That sudden shift revealed the risks in building a long-term business model on a tariff structure that is vulnerable to change. It could trigger flashbacks to the PJM frequency regulation market's sudden decline; if there’s any lesson to extrapolate from there, it’s the importance of making your money back soon, before rule changes scuttle the business model.
Demand-charge models are particularly susceptible to this risk. Utilities and their regulators set rates in order to recoup necessary investments in grid infrastructure. Demand charges are one way to make that money back. But if every customer that had to pay demand charges successfully avoided them with clever battery investments, the charge would lose its ability to collect money for the grid, forcing a change in the rate design.

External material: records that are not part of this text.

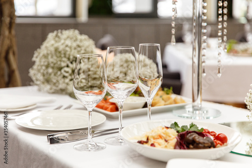 table, eatery, food, dinner, banquet, wedding, meal, wine, plate, glasses, lunch, dish, dining, party, celebration, luxury, white, setting, event, salad, catering, drink, napkin, decoration, service, reception, arrangement, tablecloth, flower, elegance, elegant, fancy, fine, place, romance
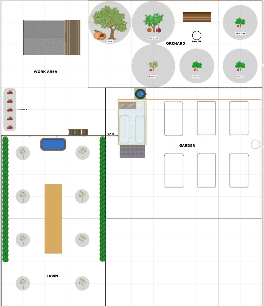 This is my master plan. It is only 70′ of the 96′ depth for the back yard.I am trying to create “zones” that all serve a different purpose. I envision the area labeled “lawn” to be reminiscent of an Italian lawn, flanked on both sides by tress with a long table centered in the space for entertaining. There will be some sort of water feature at the far and of the lawn with a shrub fence to isolate the area and give it a feeling of calm. There is the garden area of course. A few more 4′ x 8′ raised beds, rain water collection (which is already in place.), a woven twig fence at the back of the garden to make a separation between it and the orchard. A gate on the left of the greenhouse to separate the work area from the garden completes the garden. There is a huge sycamore tree currently in the work area, which isn’t shown. I am trying to figure out if it needs to be removed for safety, or if it can remain in place. I am hoping to expand on the black raspberries with the addition of some red and golden raspberry plants. There is a fence in the drawing that separates the work area from thew lawn and might be a good place for another garden building. I have a brick structure with ivy, moss, and a corrugated metal pictured in my head. You can never have too much outdoor storage. All of this leaves a space of 20′ x 35′, and a space of 23′ x 60′ to plan out.
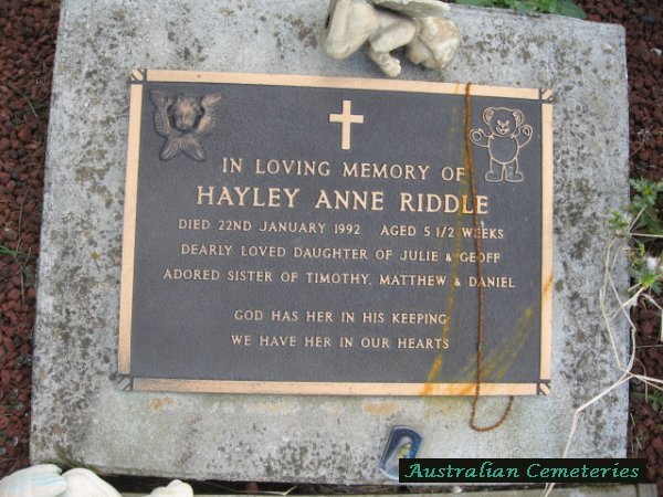 | RIDDLE | Hayley Anne | photo | 22/1/1992 | 5w | par Julie & Geoff,sis to Timothy,Matthew & Daniel | ||||
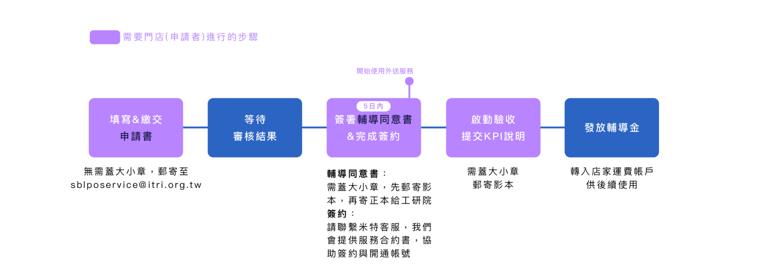 - 輔導企業:發展外送服務的餐飲、零售、服務類門店
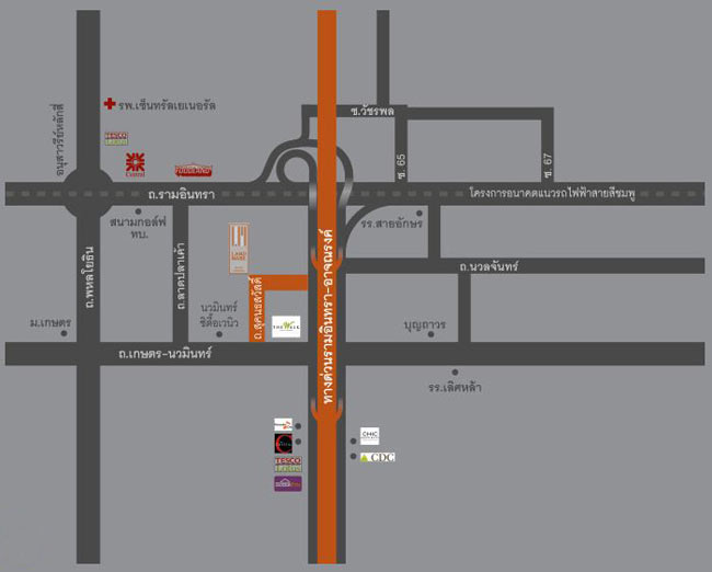 ย่านเอกมัย-รามอินทรา สามารถเข้าออกโครงการได้จากถนนประเสริฐมนูกิจ
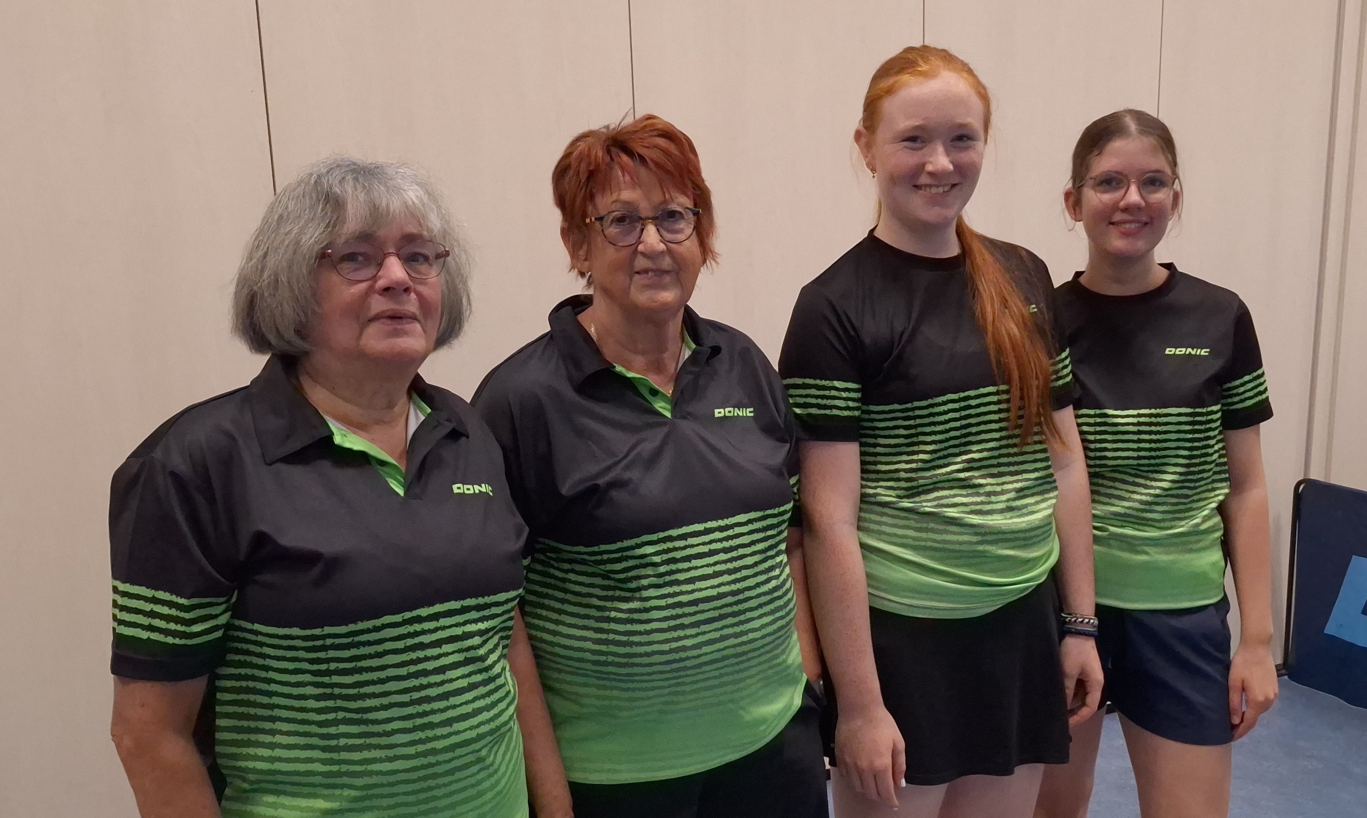 Sonja Bremser/Gisela Schmidt, Sonja (2), Finja Morgenstern und Svenja Weyand. Leider kämpften Gisela (11:13) und Finja (12:14) in ihren Entscheidungssätzen unglücklich. Leider, denn ein Sieg wäre durchaus verdient gewesen, wie das Satzverhältnis von 21:18 deutlich macht.
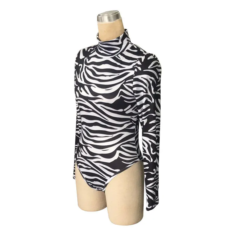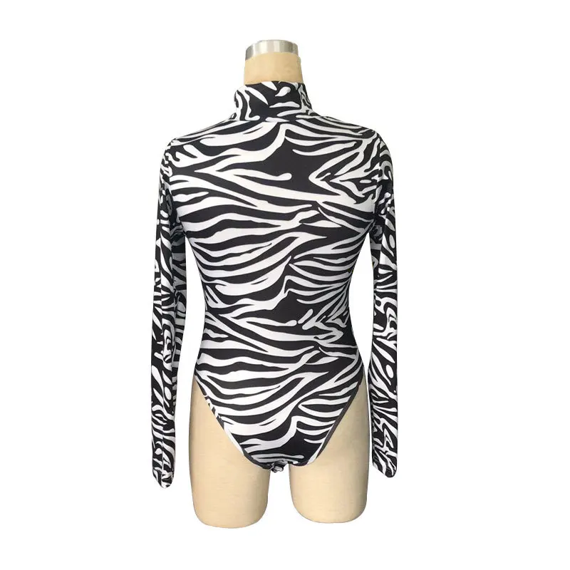 Women Zebra Printed High Collar Jumpsuit Sexy Underwear Long Sleeve Shapewear Bodysuit Chic Tight Slim Bodyshaper Skinny Outfits
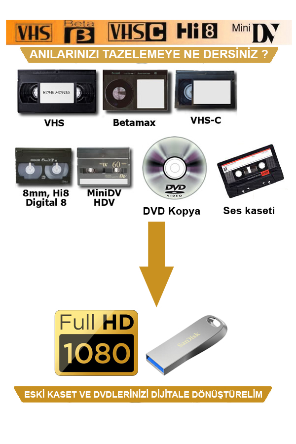 Aktarım: Profesyonel cihazlarla kasetleriniz HD kalitesinde dijital ortama aktarılır.
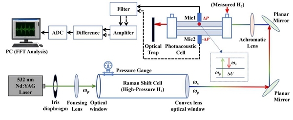 传统光声光谱技术基于吸收光谱原理无法直接对氢气实现高灵敏度探测;拉曼光谱技术虽然具有独特的气体指纹识别能力,天然适用于H₂等同核双原子分子。然而,自发拉曼散射的效率极低(散射截面通常比瑞利散射低3-6个数量级),导致信号极其微弱,极大地限制了其在痕量气体检测中的应用潜力。
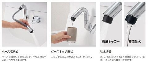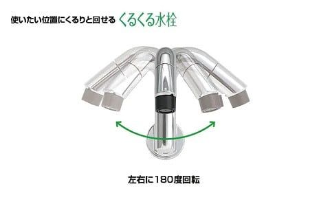 底が広くて大容量の「ひろびろボウル」と、使いたい位置にくるりと回せる「くるくる水栓」なら
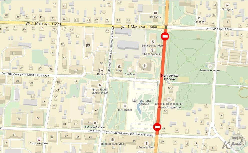Как сообщил kraj.by старший инспектор отделения ГАИ Вилейского РОВД Егор Кузмичёв, движение для всех видов транспорта, кроме маршрутного городского, с 6.00 до 13.00 будет закрыто от перекрестка улиц 17 Сентября – 1 Мая до перекрестка улиц 17 Сентября – Водопьянова.
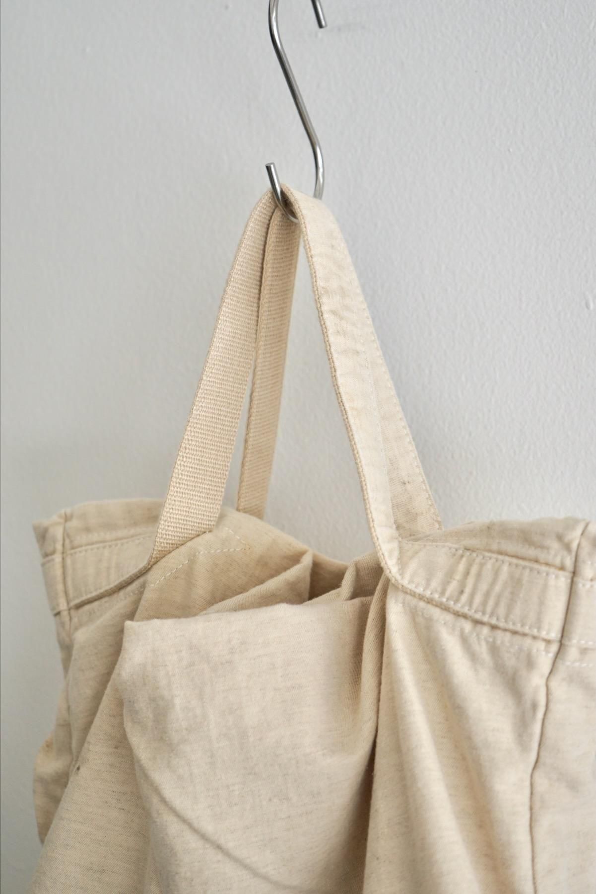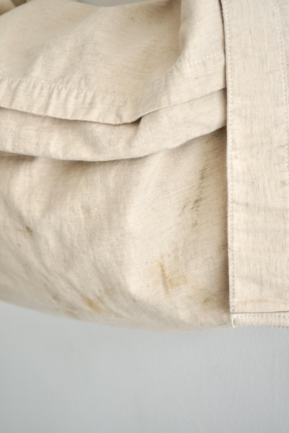 定番のコットンヘンプのTransform Bagをベースに福岡を拠点とするアパレルブランドA.D.A.N®に依頼し、岡山・児島の職人による汚し加工を施しました。タンニン染めによる全体的にくすんだ色味と大袈裟ではない自然な汚しは、使い込むことで更なる変化を楽しめる逸品です。加工後に製品洗いを行っているため、空気を含んで柔らかく少しやれたような風合いも特徴です。
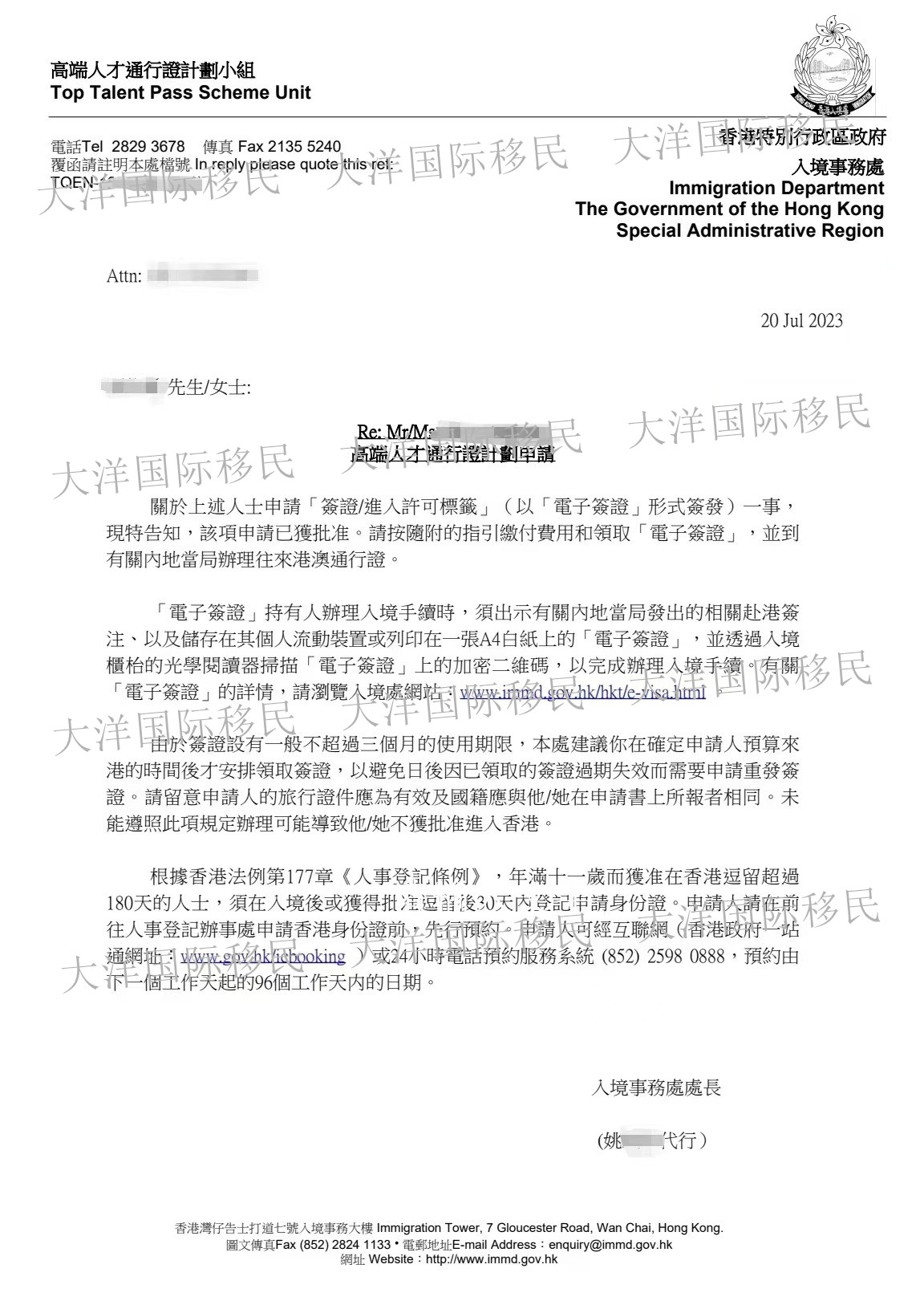 F先生為了子女教育以及出行便利想要辦理香港身份,我們于2023年7月20日為F先生成功獲批了香港高才計劃,恭喜F先生!
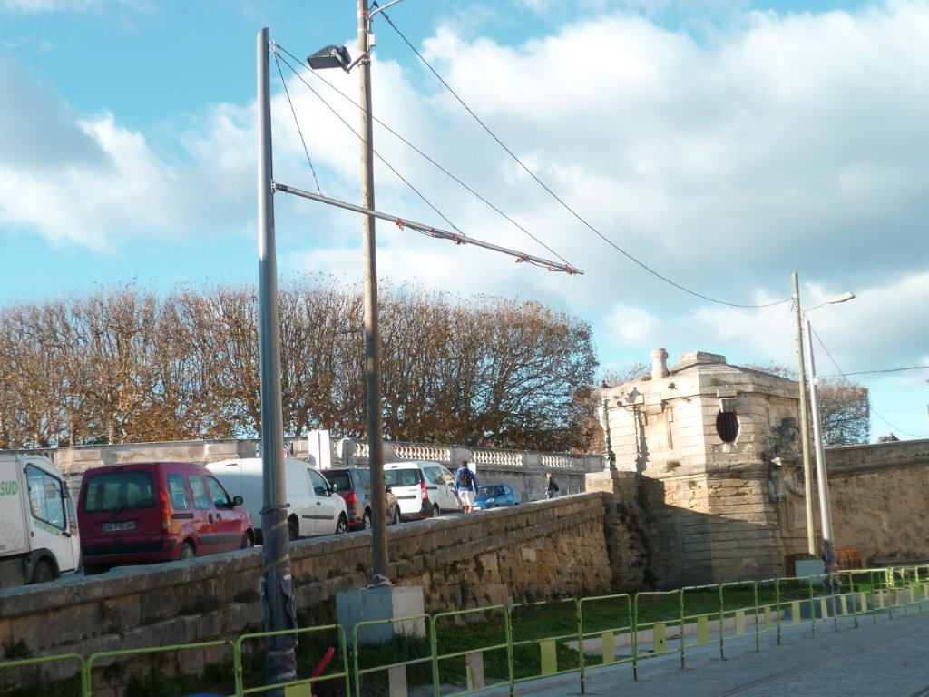 Sur la partie sud du boulevard du Professeur Louis-Vialleton, un mât a été équipé d’une potence qui sera orientée au-dessus des voies et à laquelle seront fixées les lignes aériennes de contact quand ces dernières seront déroulées. Photo prise le jeudi 26 novembre 2015. Copyright : Edouard Paris
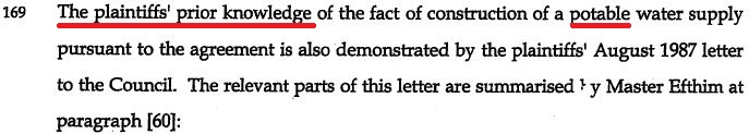 • Fourthly an extensive letter authored by me and dated 24th August 1987 is selectively quoted by Osborn at his paragraph 169. The paragraphs he fails to quote extensively set out the unlawful nature of the 1982 Water Supply Agreement and Water supply. I will deal with this aspect and make the letter available when I discuss Osborn’s paragraph 169 below.

In any case, the changes in Ontario are just temporary, Martin noted.
“The long-term value proposition is unchanged, and we continue to see Ontario as a strategic growth market for battery storage,” he said.
The nonresidential storage segment has never managed to sustain long-term growth, according to data from Wood Mackenzie.
Quarterly deployments jumped up and down over the years, with seemingly promising growth runs ending after two consecutive quarters. That’s markedly different from the residential market, which is on a six-quarter growth streak.
Efforts to standardize products and shorten the sales cycle could help fuel sustainable growth. In the near term, teaming up with the distributed solar industry serves that goal, said Stem’s Russo.
“The solar industry has a great track record and has continued to project growth,” he explained. “As a [chief revenue officer], I’d much rather attach to a large, robust, growing market than have to carve out my own market.”
Developers also flag electric vehicle fleet charging and backup power as services that are becoming more attractive to corporate customers. The business models there are less proven, though.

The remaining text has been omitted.